An additional $5.5 million was estimated for the construction of eleven stations ($500,000 per station) in this corridor. This figure was not calculated into our capital cost estimates as it was assumed joint development with local communities and/or the private sector would play a major role in siting and building transit stations.
| Figure 23: National Cross
Section of Commuter Rail Operating Costs |
The committee estimated operating cost by applying our Mazomanie to Sun Prairie corridor ridership estimate on page 17 with national operating averages. Figure 23 displays the national cross section used. These estimates include total aggregate operating expenses, e.g., insurance, maintenance, administration, etc. Service between Mazomanie and Sun Prairie would potentially begin with approximately 13 miles (Middleton to Sun Prairie) and expand to a full 34 miles (Mazomanie to Sun Prairie). Considering this, operating cost per passenger trip was estimated to be six dollars. With initial ridership at 600,000 passenger trips per year, annual operating and maintenance costs were projected to be approximately $3,600,000.

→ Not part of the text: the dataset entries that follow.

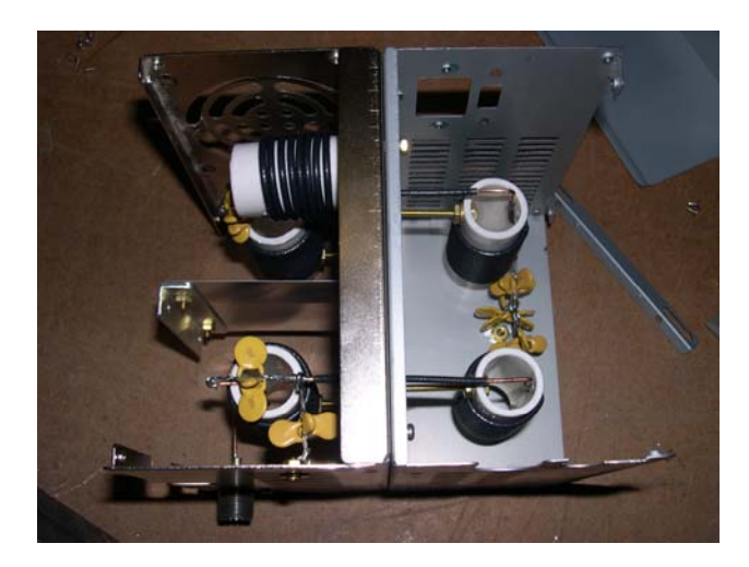
80 meter filter in a dual case.

As of the Filterfest the participants had filters for 20 and 40 meters. Two weeks later the second 15 meter filter was tested and accepted. This allowed the release of the rest of the 15 meter kits which were distributed starting March 26<sup>th</sup>.
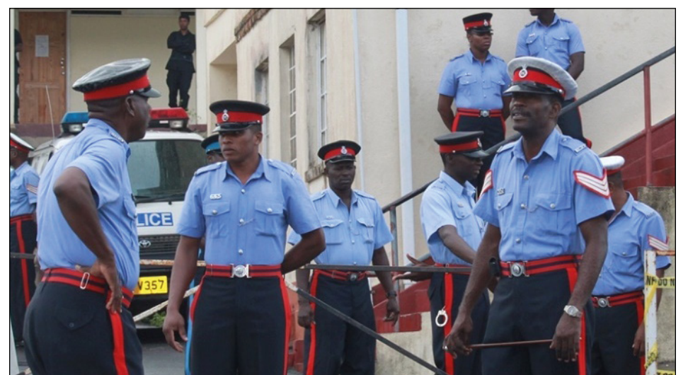
► Grenadian police are using US detection technology

The system, a key component of the United States Agency for International Development's CarISECURE project, uses standardized crime and violence data to foster evidence-based policy and programming across nine Caribbean countries, including Grenada. These countries will benefit from customized software that generates high-quality data. 🌐
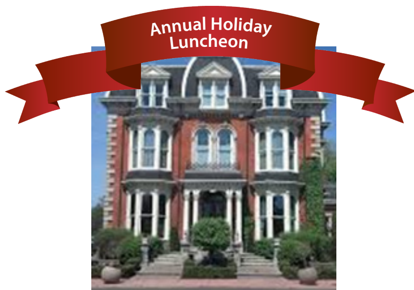
December 5, 2014 The Mansion on Delaware

YES, Sea bass is on the menu! We know this is a favorite for most of you.
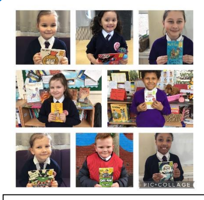
Well done to the children who won the Extreme reading competition on World Book Day. We hope you enjoy your prize.
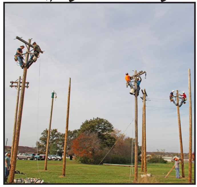
Students in the Electrical Distribution System have nearly mastered climbing poles at this point in the semester. Recently the students learned how to hang a set of doubles, as demonstrated above.
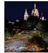
Arène de Montmartre Opéra 2019
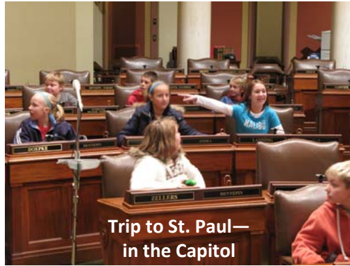
Trip to St. Paul—in the Capitol

On average, over 60% of SEAS students take honors classes in high school.
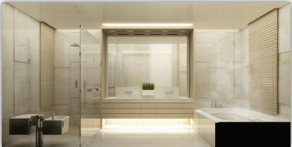
Figure 7: Apartment Interior / Interior Architect: Claude Missir Agency
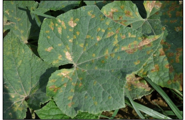
Classic symptoms of downy mildew on the upper leaf surface of cucumber. Angular lesions are initially chlorotic before turning tan and necrotic.
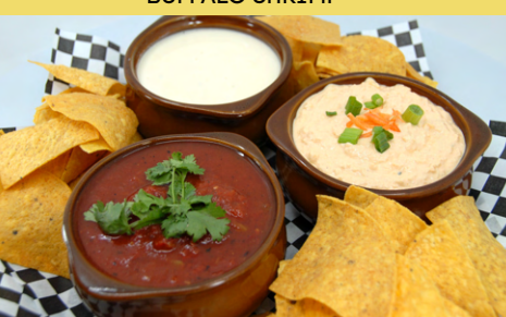
CHIPS & DIPS

12 BREADED FRIED SHRIMP TOSSED IN BUFFALO SAUCE AND DRIZZLED WITH CILANTRO SCALLION LIME GARLIC MAYO, THEN PLACED ON A BED OF SHREDDED LETTUCE. SERVED WITH A SIDE OF COLESLAW
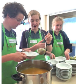
Year 8 Students from Strathalbyn Christian College during their Service Week.

During Strathalbyn Christian College's community service week we enjoyed having six Year Eight students and their teacher join us for a morning and assist in setting up and serving the lunch. This week we varied the menu with soup followed by a sausage sizzle and salad then ice-cream in cones.
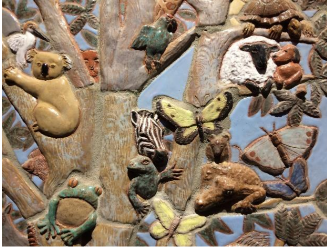
Tree of Life detail , Ceramic tiles, 48" x 36" x 2"

This figure would be reduced by the amount of farebox revenue recovered. Commuter rail systems typically can expect an initial 25 % farebox recovery. With an increase in service and ridership, farebox recovery might be expected to approach 50% of operating costs (national average equals 40%). A 25% farebox recovery rate would provide $900,000 in revenue, while 50% farebox recovery would equal $1.8 million.
Total estimated annual costs, capital and operating, are summarized as follows:
| Capital | $3,200,000 | |
| Operating | $3,600,000 | $2,700.000 @ 25% farebox recovery |
| $1,800,000 @ 50% farebox recovery |
Annualized rail costs for an initial commuter line were estimated to be in the range of $5 million to $6.8 million, with an offset of approximately $900,000 to $1.8 million in farebox revenue. Using $6.8 million, commuter rail would represent 20% of the region's commitment to transit and specialized transportation.